### Data shown:
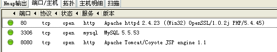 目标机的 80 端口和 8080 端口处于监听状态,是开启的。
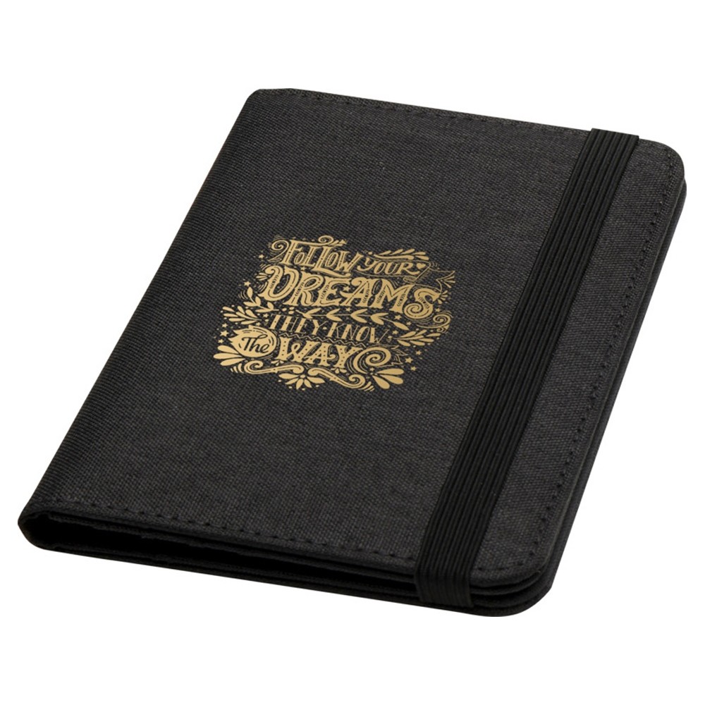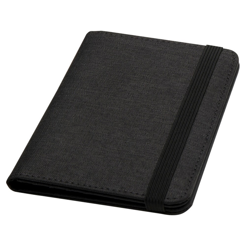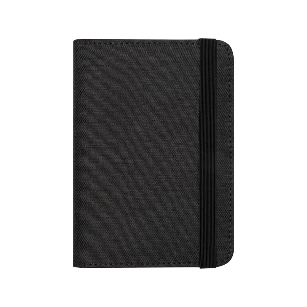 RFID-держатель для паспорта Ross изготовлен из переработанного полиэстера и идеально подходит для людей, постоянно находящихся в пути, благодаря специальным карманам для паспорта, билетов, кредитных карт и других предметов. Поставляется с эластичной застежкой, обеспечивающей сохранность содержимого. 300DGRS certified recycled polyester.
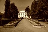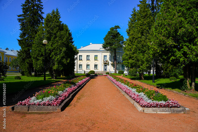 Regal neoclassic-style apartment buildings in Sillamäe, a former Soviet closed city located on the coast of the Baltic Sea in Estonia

### Work task:
Your task is to reproduce exactly the lines from the one that holds "RFID-держатель для паспорта" to the last line of the listing, and only those, omitting the pictures.

### Answer section:
 RFID-держатель для паспорта Ross изготовлен из переработанного полиэстера и идеально подходит для людей, постоянно находящихся в пути, благодаря специальным карманам для паспорта, билетов, кредитных карт и других предметов. Поставляется с эластичной застежкой, обеспечивающей сохранность содержимого. 300DGRS certified recycled polyester.
 Regal neoclassic-style apartment buildings in Sillamäe, a former Soviet closed city located on the coast of the Baltic Sea in Estonia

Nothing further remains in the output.